- Civil War era Navy Medal of Honor
- Born: c. 1815 Málaga, Spain
- Died: July 1892 Norfolk Naval Shipyard, Portsmouth, Virginia
- Place of burial: Captain Ted Conaway Memorial Naval Cemetery, Portsmouth, Virginia
- Allegiance: United States
- Branch: United States Navy
- Rank: Seaman
- Unit: USS Richmond
- Conflicts: American Civil War • Battle of Mobile Bay
- Awards: Medal of Honor

= Hendrick Sharp =

Hendrick Sharp (c. 1815 – July 1892) was a Union Navy sailor in the American Civil War and a recipient of the U.S. military's highest decoration, the Medal of Honor, for his actions at the Battle of Mobile Bay.

==Military service==
Born in 1815 in Spain, Sharp immigrated to the United States and was living in New York when he joined the U.S. Navy. He served in the Civil War as a seaman and gun captain on the . During the Battle of Mobile Bay on August 5, 1864, he "fought his gun with skill and courage" despite heavy fire. For this action, he was awarded the Medal of Honor four months later, on December 31, 1864.

==Medal of Honor citation==
Rank and organization: Seaman, U.S. Navy. Accredited to: New York. G.O. No.: 45, 31 December 1864.

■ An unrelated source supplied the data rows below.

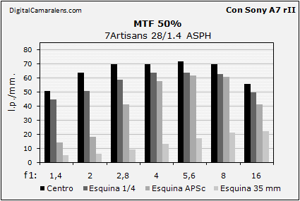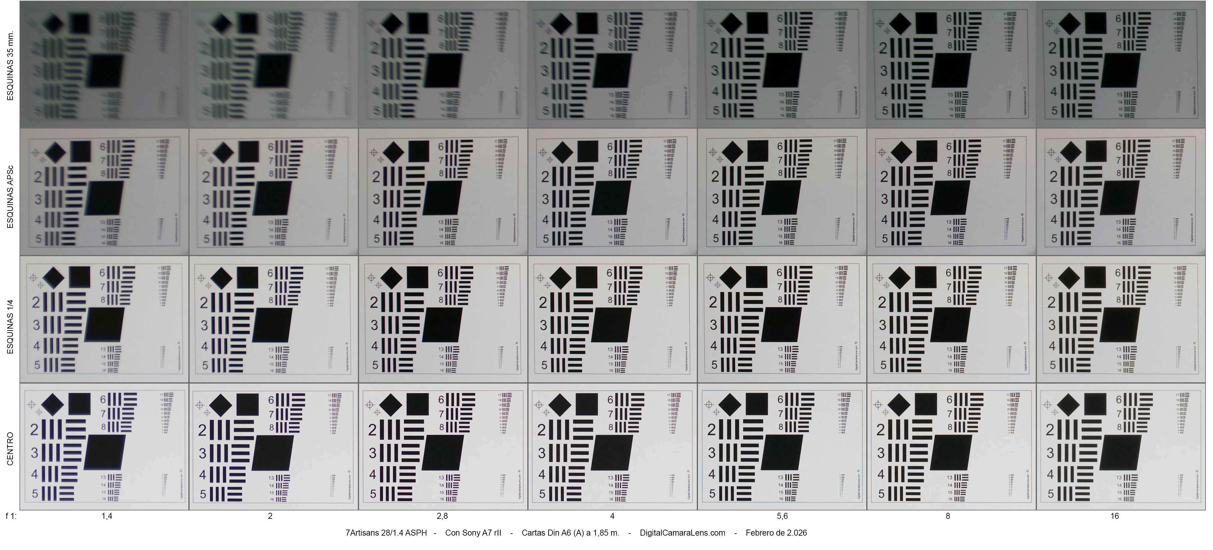 - Nitidez central excelente así como la esquina 1/4. Las otras dos son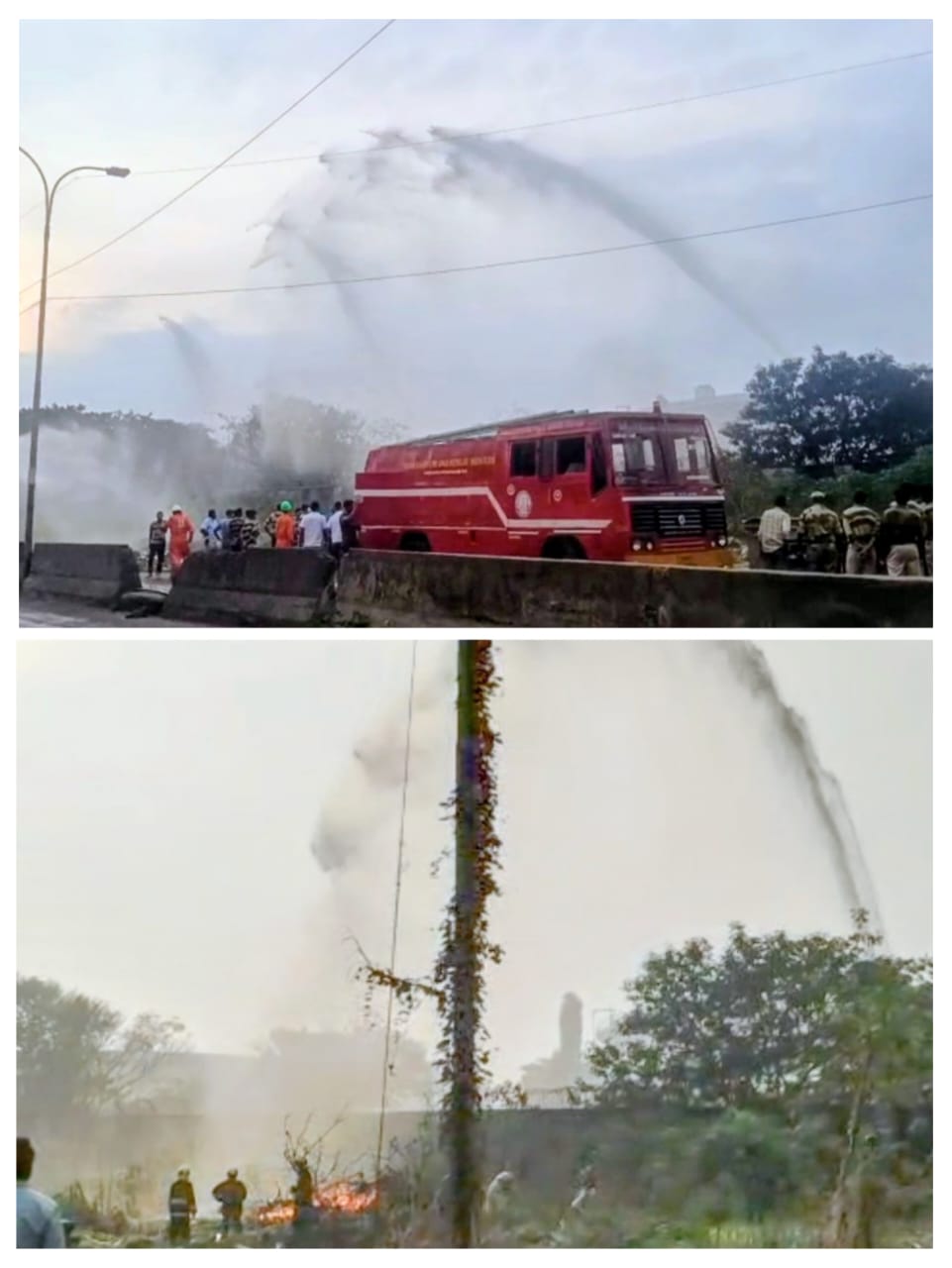 தனியார் நிறுவன குழாயில் ரசாயன கசிவுவல் தீ பற்றியதால்-மின்னல் வேகத்தில் செயல்பட்டதால் பெரும் விபத்து தவிர்கபட்டது..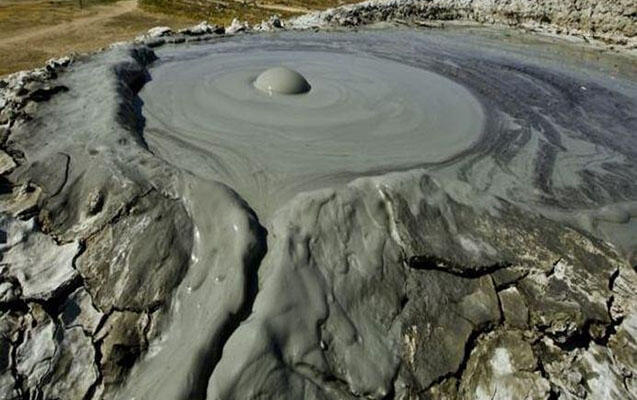 Palçıq Vulkanları Turizm Kompleksindəki vulkanlardan biri hər üç dəqiqədən bir püskürür.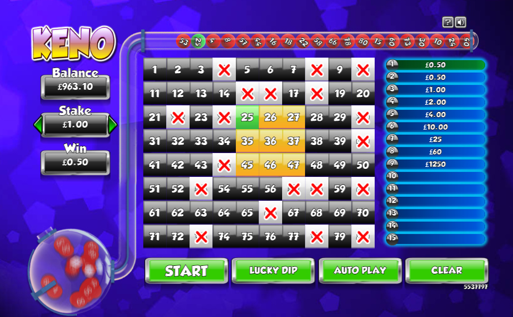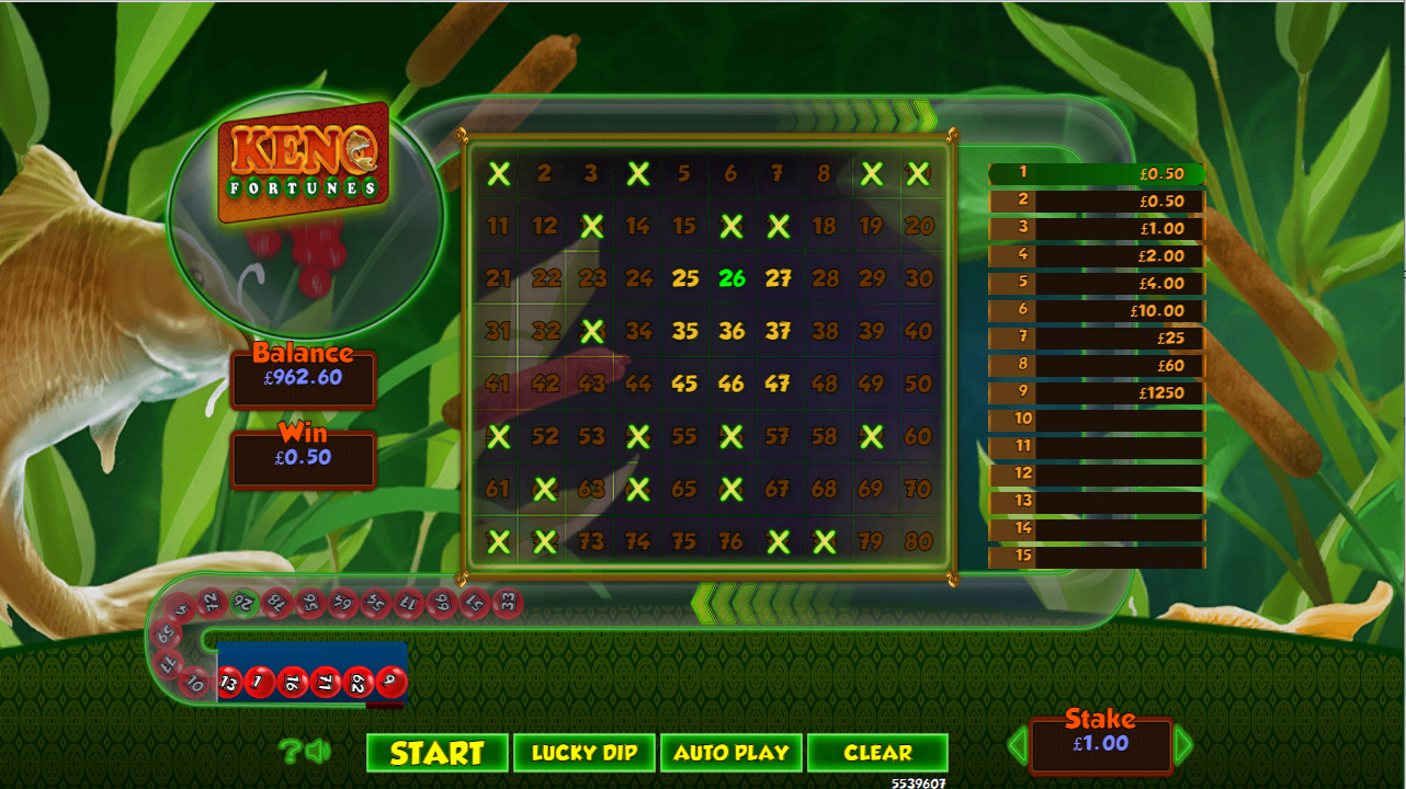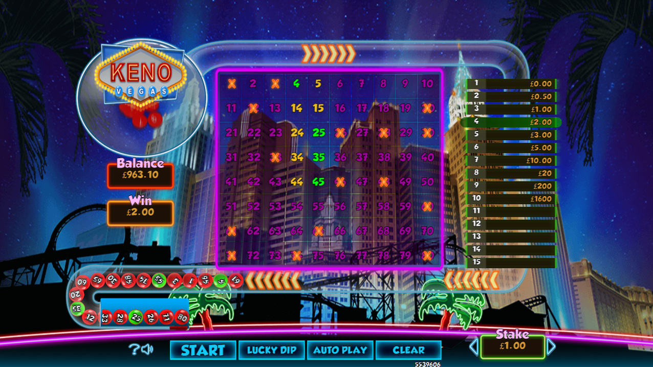 Concept 有三款基诺游戏,仅图形界面不同。赔率表和游戏玩法相同。玩家可以选择 1 到 15 个数字。回报率最低为 90%(选择 1),最高为 96.29%(选择 15)。以下是完整的赔率表。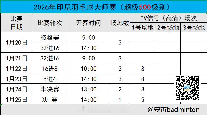 2026年印尼羽毛球大师赛首日赛程出炉(图1)完整签表(图2)开赛时间(图3)?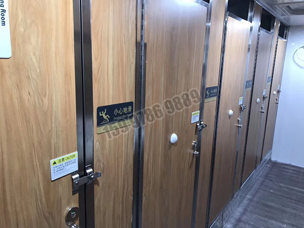 獨立衛生間設計:車輛內部設計了獨立衛生間,重視個人隱私和衛生需求。每個衛生間隔間都配置了獨立的照明燈、衣帽鉤以及換氣窗,以提供用戶更好的使用體驗。此外,儲物網兜等輔助設施也增加了衛生間的實用性。地板采用鋁花紋板+專用防滑隔水墊,既美觀又安全。
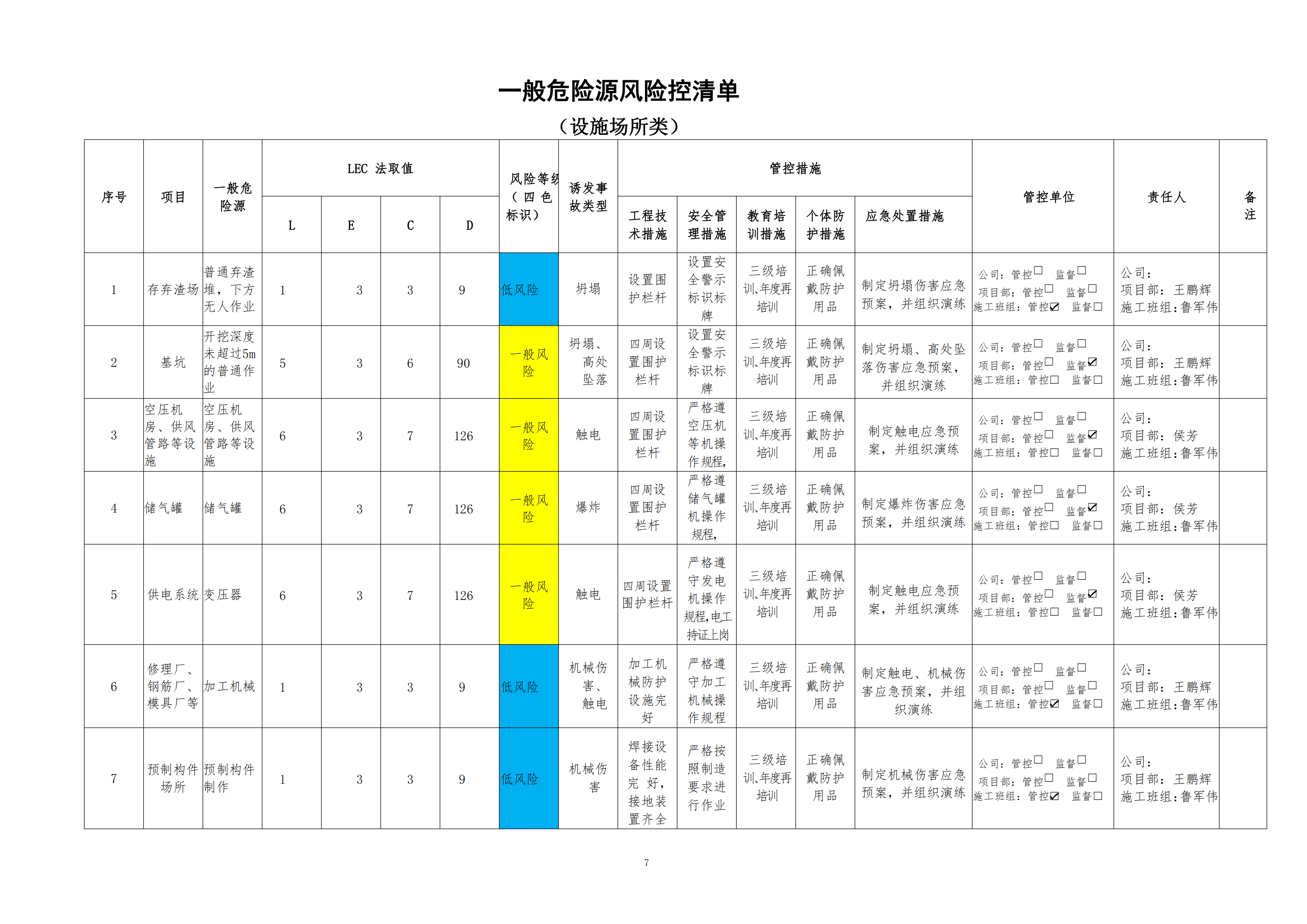 欒川縣新建水庫(kù)一期工程施工一標(biāo)段危險(xiǎn)源風(fēng)險(xiǎn)分級(jí)管控清單(10月)
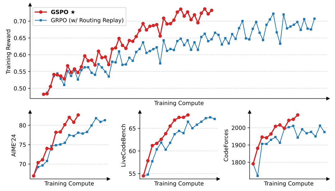 - On benchmarks such as AIME’24, LiveCodeBench, and CodeForces, GSPO achieves better reward curves than GRPO.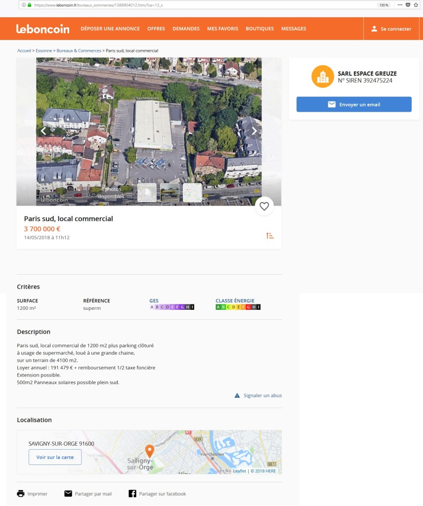 Donc je m’inscris en faux de ce qu’en a dit le maire. Le local commercial est bien en vente (ou en location) sur Le bon coin depuis le 07 mai 2018 par la SARL Espace Greuze. L’annonce a été réactualisée le 14 mai 2018, et on peut la retrouver à ce lien.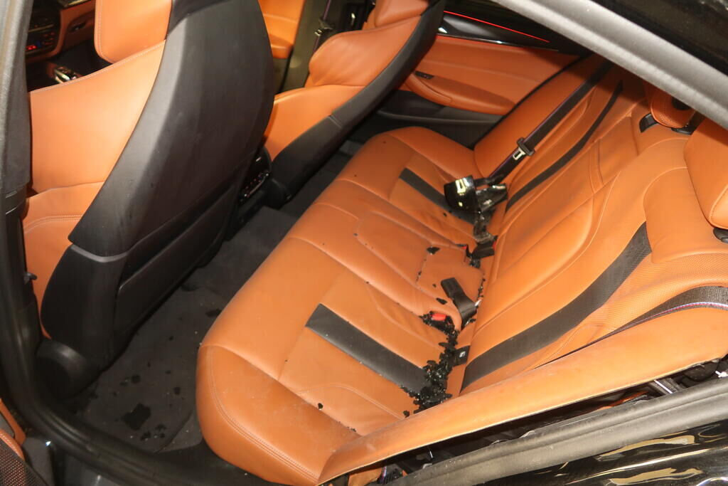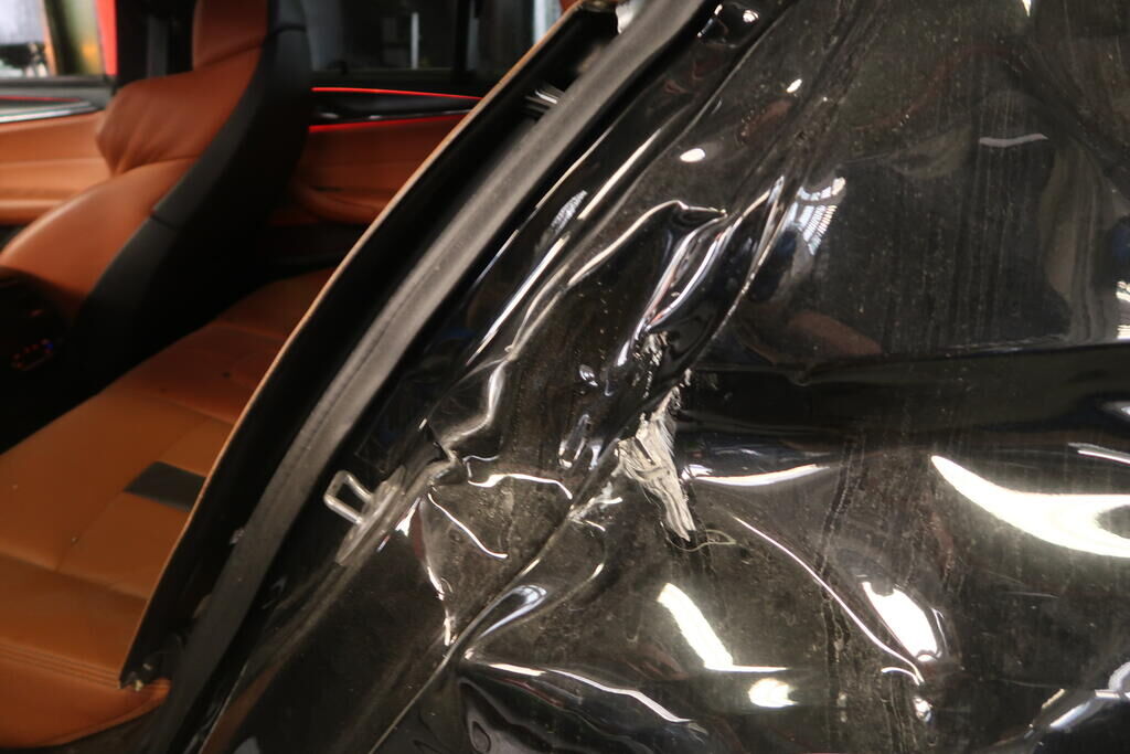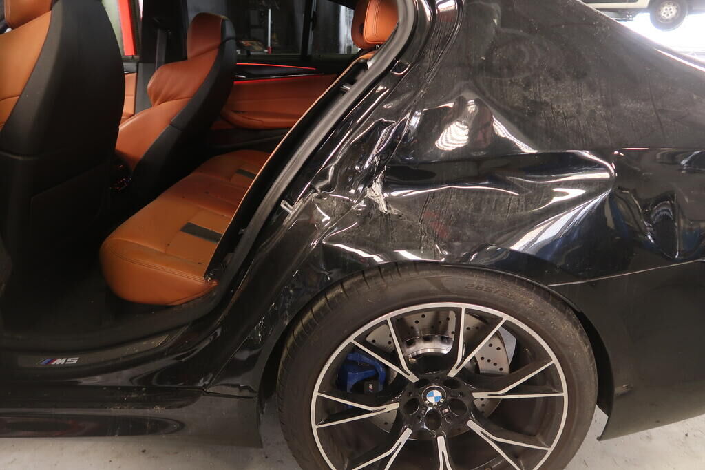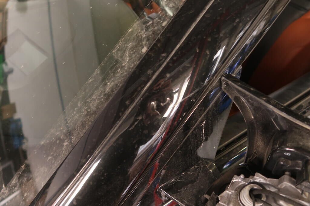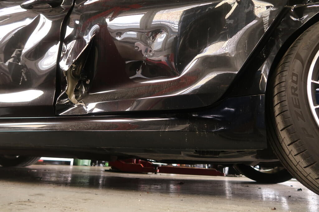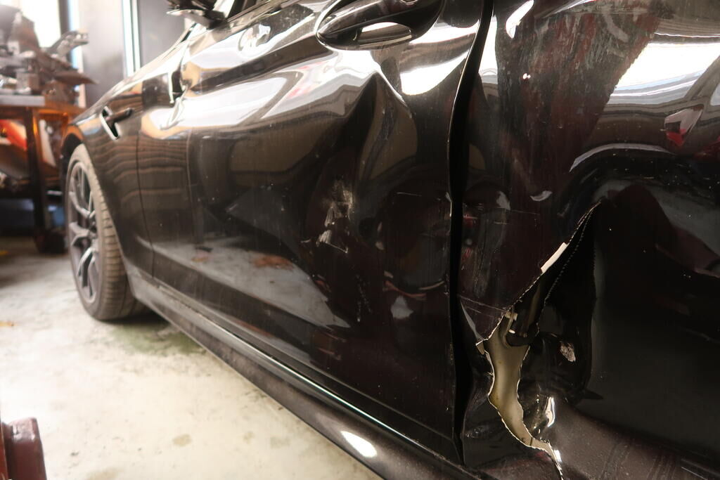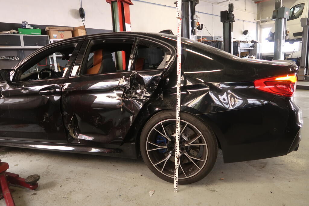 Aile arrière, porte et poignée arrière, porte avant, rétroviseur, montant supérieur avant, pied du milieu, vitre de porte arrière, revêtement porte arrière, lèche-vitre arrière; endommagés.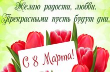 В этот светлый весенний праздник хочется от всей души поздравить с Международным женский днем и пожелать самых важных и бесценных вещей: здоровья, любви и простого человеческого счастья. Пусть дома всегда царит тепло и уют, пусть близкие и родные всегда будут рядом, пусть жизнь будет полна радости.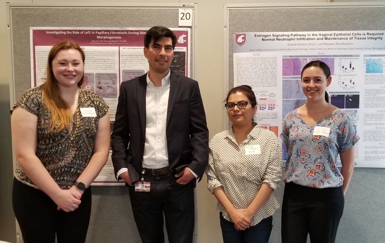 Dr. Mukherjee, Dr. Driskell, and Grace at the Driskell Lab at Washington State University.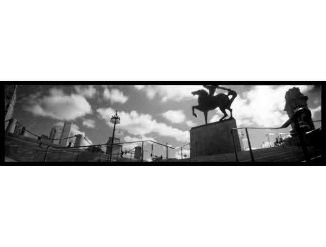 "Pinhole panorama with handmade camera. Picture has 140 degree view. 120 film. Negative is 9 1/2 inches x 2 1/4 inches. Early morning shot of statues, architecture, and sky. Torn out image floated on foam-core to match softness of pinhole."
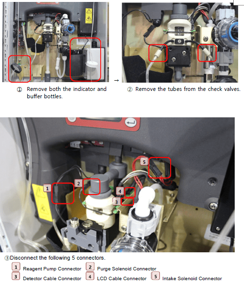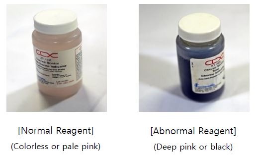 2) Regardless of the replacement cycle, if the indicator reagent is badly discoloured due to the malfunctioning of the cooling unit, replace the reagent as well as the cooling unit.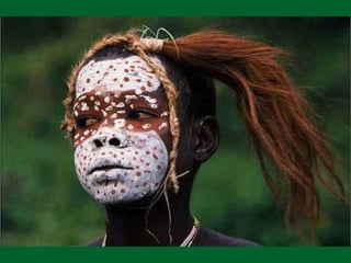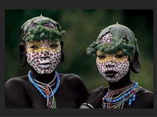 Las tribus que viven a lo largo del río Omo en Etiopia, como los Dassanech y Mursi, practican un arte corporal ancestral utilizando pigmentos naturales para decorar sus cuerpos de manera rápida y sin usar pinceles, siguiendo solo sus instintos. Aunque su arte carece de teoría, ha sido comparado con pintores modernos como Picasso y Pollock por sus trazos rápidos y es considerado puro ya que lo practican por placer y para seducir.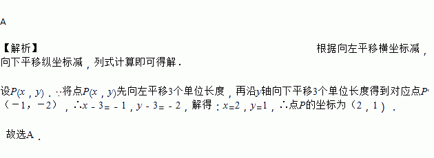 在平面直角坐标系中,把点P先沿x轴向左平移3个单位长度,再沿y轴向下平移3个单位长度得到对应点P′(-1,-2),则点P的坐标是( ).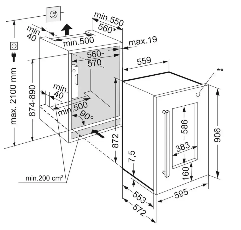 | Габариты ниши для встраивания, ВхШхГ (см) | 87.4-89x56-57x55 |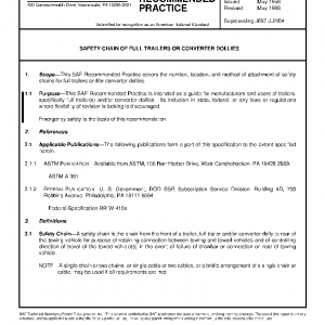 This SAE Recommended Practice covers the number, location, and method of attachment of safety chains for full trailers and/or converter dollies.

Sharp's official Medal of Honor citation reads:
As captain of a 100-pounder rifle gun on topgallant forecastle on board the U.S.S. Richmond during action against rebel forts and gunboats and with the ram Tennessee in Mobile Bay, 5 August 1864. Despite damage to his ship and the loss of several men on board as enemy fire raked her decks, Sharp fought his gun with skill and courage throughout a furious 2-hour battle which resulted in the surrender of the rebel ram Tennessee and in the damaging and destruction of the batteries at Fort Morgan.

==Death and burial==
Medal of Honor recipient Hendrick Sharp died in late July 1892 aboard the receiving ship at the Norfolk Naval Shipyard, Portsmouth, Virginia. He was buried at Captain Ted Conaway Memorial Naval Cemetery in Portsmouth, Virginia. His status as a Medal of Honor recipient was not discovered until late 2009. A new grave marker indicating his decoration was unveiled in 2010.